Faktem jest, że kiedy słucha się jakichkolwiek dwóch następujących po sobie albumów grupy, widać i spójność rozwoju na obranej ścieżce, jak i to, że pomysł bezrefleksyjnego powtarzania patentów (które przecież działały, po co u licha naprawiać coś co nie jest zepsute?) jest im straszniejszy, niż grypa żołądkowa na namiętnej randce pod namiotem.
I choć na etapie "Purple" wydawało się, że wszystko, co miało zostać doszlifowane, doszlifowanym zostało, że zespół znalazł swoją złotą (purpurową raczej) formułę, okazuje się że na nowym albumie znowu trzeba było poprawiać niezepsute. I jak na początku 2016 roku własną prawicę bym postawił, że grają tak fajnie, że lepiej już się nie da i że teraz pewnie będzie odcinanie kuponików, tak teraz się cieszę, że nie postawiłem, bo już bym się po lewej łopatce raczej nie podrapał.
Zmiana w składzie tym razem była jedna. Gitarzystę Petera Adamsa już dwa lata temu zastąpiła Gina Gleason, wcześniej grająca z Cirque du Soleil, Smashing Pumpkins, Santaną i Jonem Andersonem z Yes. Zmiana wyszła na korzyść wokalnym harmoniom, bo kiedy Pani Gleason wspomaga paszczą Pana Baizleya, efekt jest przeuroczy. O wiele mniej monochromatyczny, niż w poprzednim składzie.
Pani Gleason ma też odrobinę inne podejście do swojego wioślarskiego rzemiosła, co zapewne było głównym przyczynkiem do zmiany w kształcie i brzmieniu utworów. Fani "Purple" nie dostawajcie jednak udaru, to nadal są absolutnie znakomite megaprzebojowe piosenki. Z tym, że tam gdzie na poprzednim albumie były hektolitry powietrza, którym się nasztachawszy biegło się rozrabiać, tu jest więcej wsobności, dusznej psychodelii, a na dobrą sprawę nawet... krautrocka.
Płyta jest zdecydowanie trudniejsza w odbiorze, szczególnie jeśli weźmie się pod uwagę kontrowersyjną produkcję. Dlaczego kontrowersyjną? Bo zamiast przestrzeni mamy tu (szczególnie na początku płyty) takie kakofoniczne nagromadzenie wszystkiego, że człowiek zastanawia się, czy zespół wraz z producentem, Davem Fridmannem (produkował też "Purple") zrobili to celowo, żeby wziąć fanów pod włos, czy po prostu w studiu walało się zbyt wiele bezpańskich leków na receptę.

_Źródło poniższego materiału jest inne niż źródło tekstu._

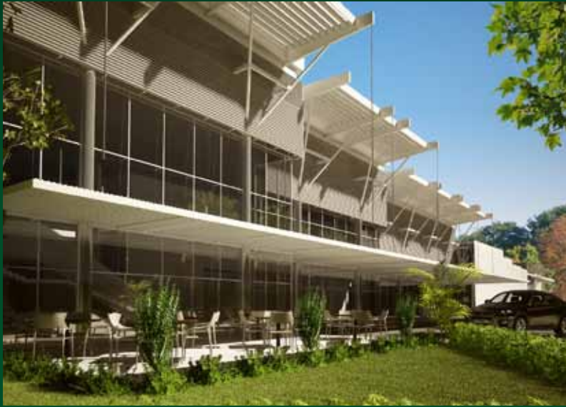
Detail of the guest entrance on the ground floor.
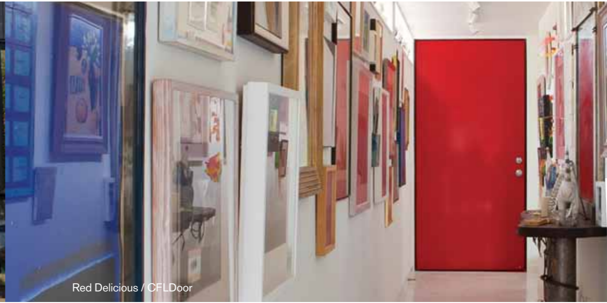
Red Delicious / CFL Door
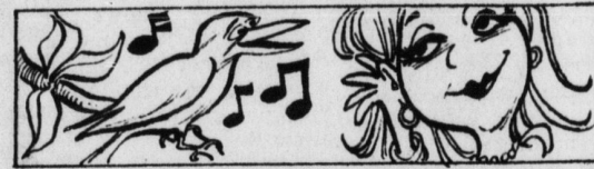
In some places, it's considered good luck to hear a kingfisher on your right.

The ACP Program is available to all eligible producers without regard to race, color, religion, sex or national origin.

Zarzut z produkcją nie umniejsza jednak tego, że w konstruowaniu numerów (pomijam przeszkadzajki, których Baroness nawtykali tu jak słoniny w sztufadę), budowaniu klimatu i napięcia, jak i na poziomie czysto muzycznym, wykonawczym (może już nawet wirtuozerskim?) grupa znowu poprawia swój wynik życiowy. Serio? Tyle i takich zmian tempa i tonacji przy zachowaniu takich melodii? Jak? No k**** jak oni to zrobili?
Patentów w każdym numerze napakowanych jest tyle, że gdyby nie iść w takie rekordy i album zrobić po bożemu to materiału starczyłoby pewnie nie na równą godzinkę, ale i na dwie z hakiem. To jest wielka płyta. A że przynajmniej na początku ciężko mi będzie nucić to pod nosem w drodze na kolejną dziarę, to już tylko moja niedola, Baroness wyraźnie się tym smutnym faktem nie przejmują i pewnie już w kanciapie mają na korkowej tablicy rozpiskę kolejnego nagrania, roboczo zatytułowanego "Naprawiamy niezepsute, part 6".